L'article de Chantal Guy me fait sortir de ma torpeur habituelle du samedi afin de partager avec vous ce que le texte m'inspire.
À la différence d'un autre journaliste - que je n'ai pas besoin de nommer, j'en suis sûr -, les propos de Mme Guy sonnent juste, parce que, je le confirme, ils le sont. Haïti n'est plus la «perle des Antilles» qu'elle était jadis, mais faut comprendre que ce n'est pas sans raison qu'on l'avait ainsi nommée : Haïti séduit, pour peu qu'on en oublie ses petits problèmes, ces petits problèmes dont les médias saturent nos neurones. Oui, il y a le choléra. Oui, il y a le tumulte politique. Oui, il y a des problèmes sociaux énormes. Oui, il y a les catastrophes naturelles à répétition. Tout ça est vrai, et même plus. Mais Haïti, c'est ÇA. Haïti n'est plus la perle qu'elle était, mais elle reste Haïti. Ce qu'elle a perdu en luisance, elle l'a gagnée en résilience. Pour ma part, je décris souvent la vie ici comme un joyeux bordel. Vous avez compris que «bordel» dans ce contexte n'a rien à voir avec une maison close, mais plutôt avec le désordre qui prévaut à tous les niveaux. Et c'est joyeux, c'est rieur, c'est insouciant, c'est je-m'en-foutiste, bref, c'est vivant. Par opposition à mortuaire, si vous me suivez. Car la vie, les amis et les amies, c'est joyeux, n'en doutez pas un seul instant. Et les Haïtiens le savent, eux qui ne connaissent pas le suicide...

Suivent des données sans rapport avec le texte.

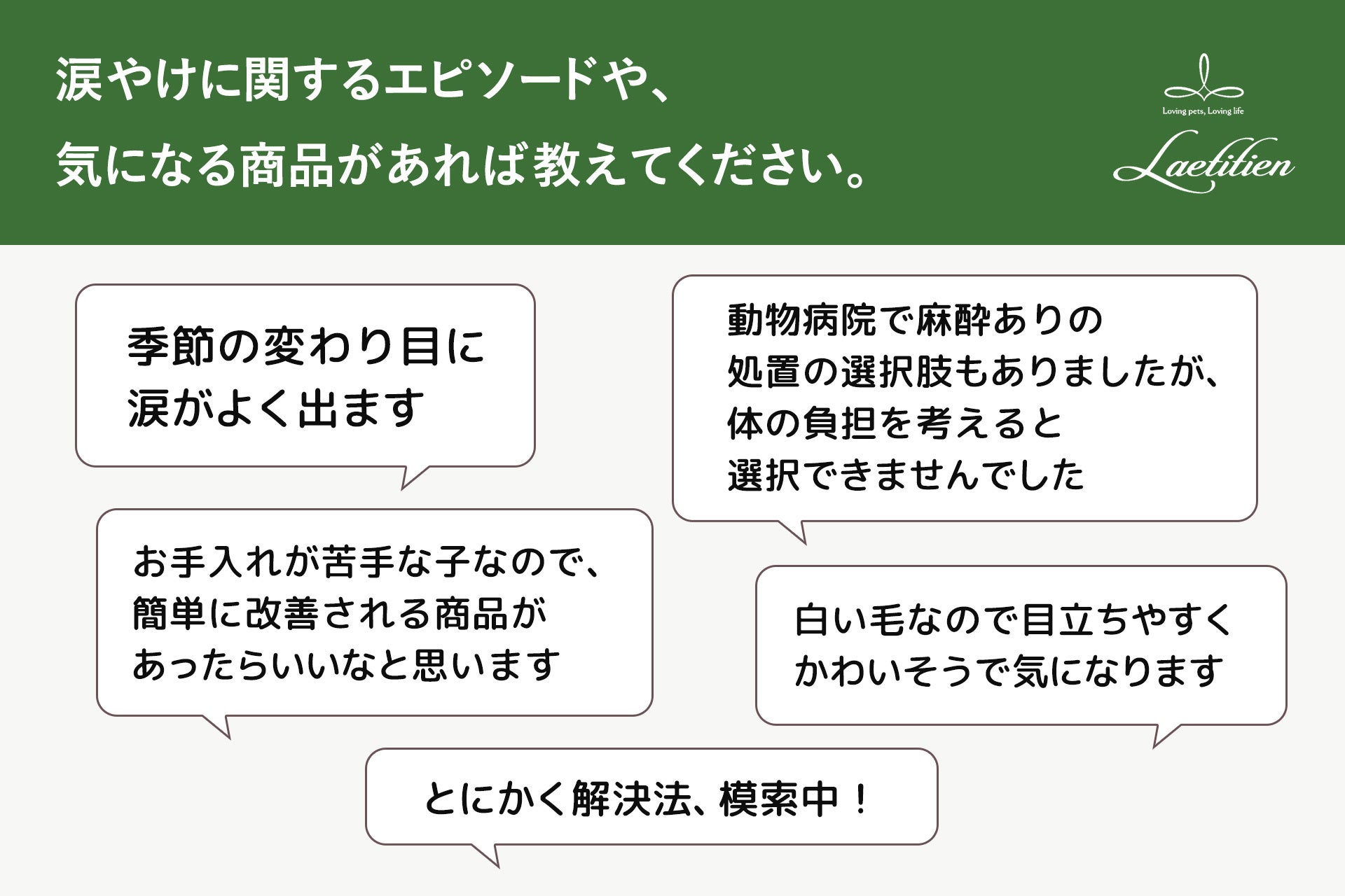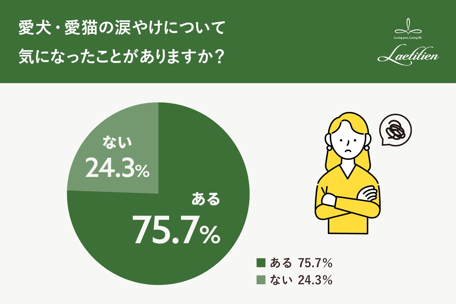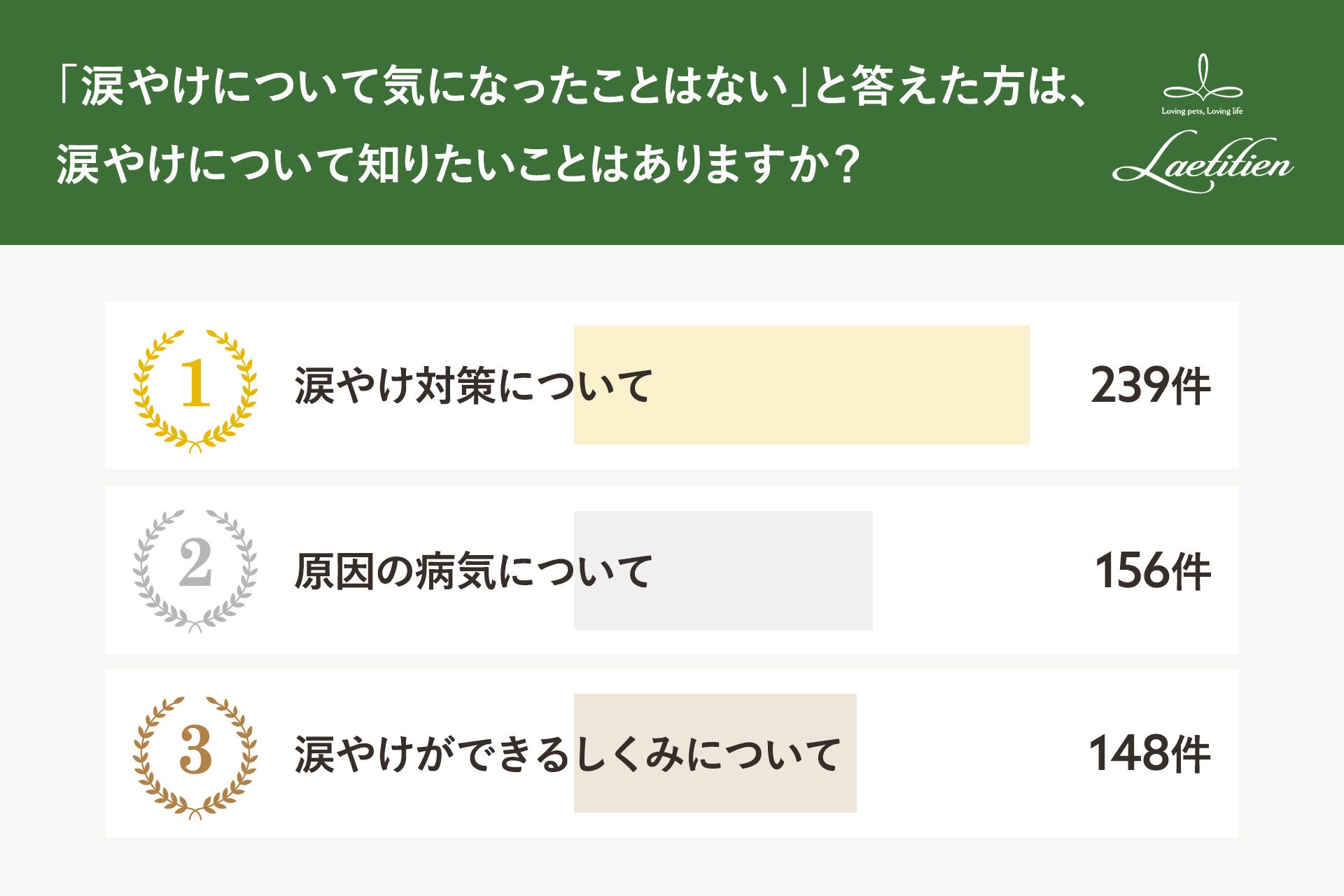 とても多くのペットオーナー様が、愛犬・愛猫の涙やけについて気になっている・悩んでいることが分かりました。レティシアンの公式サイトでは獣医師による【涙やけ】についての解説コラム(https://laetitien.co.jp/column/)を公開しておりますので、ぜひ合わせてご参照ください。

Le thème pourrait mériter un approfondissement qui dépasserait largement les cadres de ma petite chronique habituelle. Je ne dis pas que je ne m'y attarderai pas un jour. Mais pas aujourd'hui. Aujourd'hui, je me complais dans le facile, dans le texte de Chantal Guy que je seconde sans réserve aucune. Sa perception est juste, je le redis, car elle ne cherche pas à comprendre le pays et à nous l'expliquer, mais plutôt à nous faire partager ce qu'on sent comme une passion du pays, de ses gens, de ses couleurs et de la vie qui l'habite. Et la passion, par définition, ne se justifie pas. Demander à n'importe quel étranger qui aime ce pays la raison de cet amour, c'est comme demander à des amoureux pourquoi ils s'aiment : on aime l'autre parce qu'il est qui il est. C'est global et inconditionnel. Ainsi en est-il de ce pays tordu : on l'aime parce qu'il est ce qu'il est, avec ses bons côtés comme avec ses mauvais. Remarquez, je ne dis pas que les mauvais côtés sont appréciables : on s'en passerait volontiers. Mais en même temps, on sait que les mauvais côtés balancent, en quelque sorte, ce qui serait d'une perfection ennuyante. Alors qu'on me lâche un peu les baskets avec les problèmes d'Haïti, comme si c'était là l'essence même du pays. Que non. Le pays a ses problèmes, certes, mais sa vérité est ailleurs. Haïti n'est qu'un pays comme bien d'autres, à la culture riche et complexe, à l'histoire exceptionnelle et au mœurs différentes. Qu'on cesse donc de vouloir faire d'Haïti une province américaine ou canadienne! Haïti n'est pas en crise d'identité, Haïti est pauvre, tout simplement. Quand je vois certain journaliste que je ne nommerai pas (le même) clamer du haut de son ignorance l'irresponsabilité des Haïtiens ou leur désintéressement des affaires publiques ou leur apathie ou que sais-je encore, je trouve ça pitoyable. Les Haïtiens ne sont rien de cela. Ce sont des gens qui vivent parce que ce sont des gens qui luttent.
C'est d'ailleurs sur ce fort beau texte de Victor Hugo, tiré des "Châtiments" que je vous laisse.
Ceux qui vivent ce sont qui luttent;Ceux dont le cœur est bon. Ça, ce sont mes Haïtiens...
Ce sont ceux dont un dessein ferme
Emplit l’âme et le front;
Ceux qui, d’un haut destin,
Gravissent l’âpre cime;
Ceux qui marchent pensifs,
Épris d’un goût sublime,
Ayant devant les yeux sans cesse, nuit et jour,
Ou quelque labeur ou quelque grand amour.
C’est le travailleur, pâtre, ouvrier;
Ceux dont le cœur est bon,
Ceux dont les jours sont pleins.
Ceux-là vivent, les autres, je les plains.